Tuesday, March 29, 2011

Morning Snapshots

One of my favorite things is the deliberate, languorous stretch of the newborn: their little bodies uncurl themselves s-s-l-l-o-o-w-w-l-ly, with chins jutting out, heads moving side to side as if to protest “No! I won’t rouse!” while their elbows push out and their tiny little knees bunch up.

This little ritual, usually precipitated by the lightest of feathery kisses on her soft cheek, was, for many months, the best way I could ever imagine starting our day.

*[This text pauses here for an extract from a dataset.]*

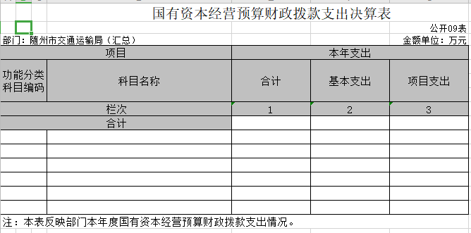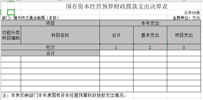 九、國(guó)有資本經(jīng)營(yíng)預(yù)算財(cái)政撥款收入支出決算表(公開(kāi)表09)

Now, the ritual is louder, more active: I hear her laughter and squeals of delight and lay still, ears poised to catch the consonant-vowel combinations she so casually drops into her stream of babbling come through the monitor. I hear the distinct “thump” as she kicks the crib mattress and wonder what position I will find her in (we don’t like to repeat our geographic feats, you see.)

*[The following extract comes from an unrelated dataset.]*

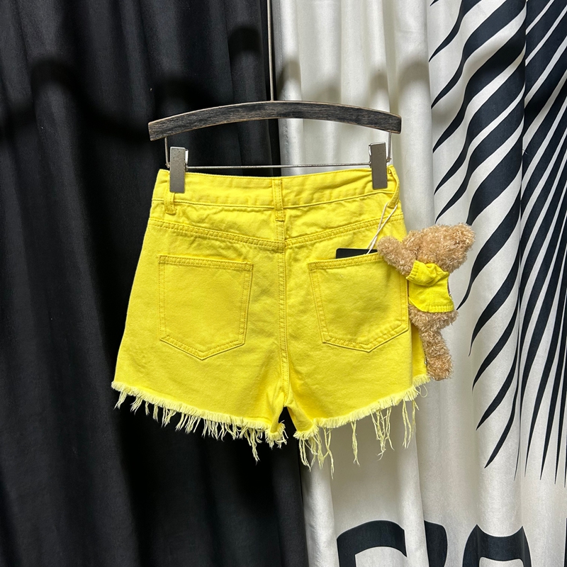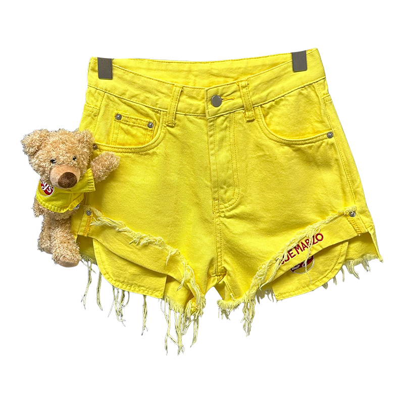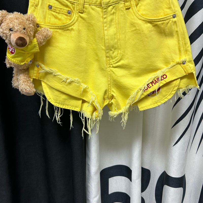 黄色高腰显瘦夏季毛边牛仔短热裤

I walk softly into her room, undetected for a moment. She is usually busy chattering conspiratorially with her lovey, and when she looks up and sees me there, she is a wriggling, giggling, gasping bundle of exhilaration. No doubt about it, she is ready to start her day.

Those moments, when we meet eyes and she laughs and smiles and her arms thrash and her legs flail and if she could, she would bound out of her crib and into my arms completely by her own volition, are the best way I could ever imagine starting a day.

It hit me recently that this other routine of ours, this rhythm we found, also means the slow, lazy stretch of the newborn is no more. Never more.

I want to carve that image into my memory permanently, so it does not slip away the way time seems to these days. I don’t want to say this is bittersweet because there is no bitter. Just a wistfulness, and the exhortation that time must slow down. Not because I want her to stay a baby—knowing her sparkly self now, I cannot wait to see the person she becomes. But rather, because as I sometimes whisper in her ear at night when she curls up on my shoulder and settles in for a sleepy hug,

It is too good to go this fast.

I don’t want to miss a minute of it.

Friday, March 25, 2011

IRL: The Rare Disease Edition

So, last weekend I met and had brunch with a fellow PCD patient. (Hello, L, if you are reading this!)

That sentence is actually pretty monumental. You see, it is the first time I have ever met someone with PCD (and bronchiectasis) in person. And, for all I know, it could be the last.

(There was that one time a young PCDer happened upon a book reading I was doing for Life Disrupted totally by coincidence, but we were both a little under the weather and therefore could not come in contact with each other, so I saw him from afar but did not meet him.)

It is a reality of life with rare diseases that we can go years, decades, even lifetimes, without meeting other patients in person. When I was first correctly diagnosed, I can’t tell you how helpful it was to know other people like me existed, and to read their stories and advice online. The impact of the Internet on the patient experience in general and the rare disease patient in particular is so important and so layered I plan to tackle it on its own and in other venues.

As you know, I am staunch believer that our experiences as patients with chronic illness unite us more than our different symptoms and diagnoses, and I will always believe that. At the end of the day, dealing with acceptance, control, relationships, balance, work, families, etc are universal challenges.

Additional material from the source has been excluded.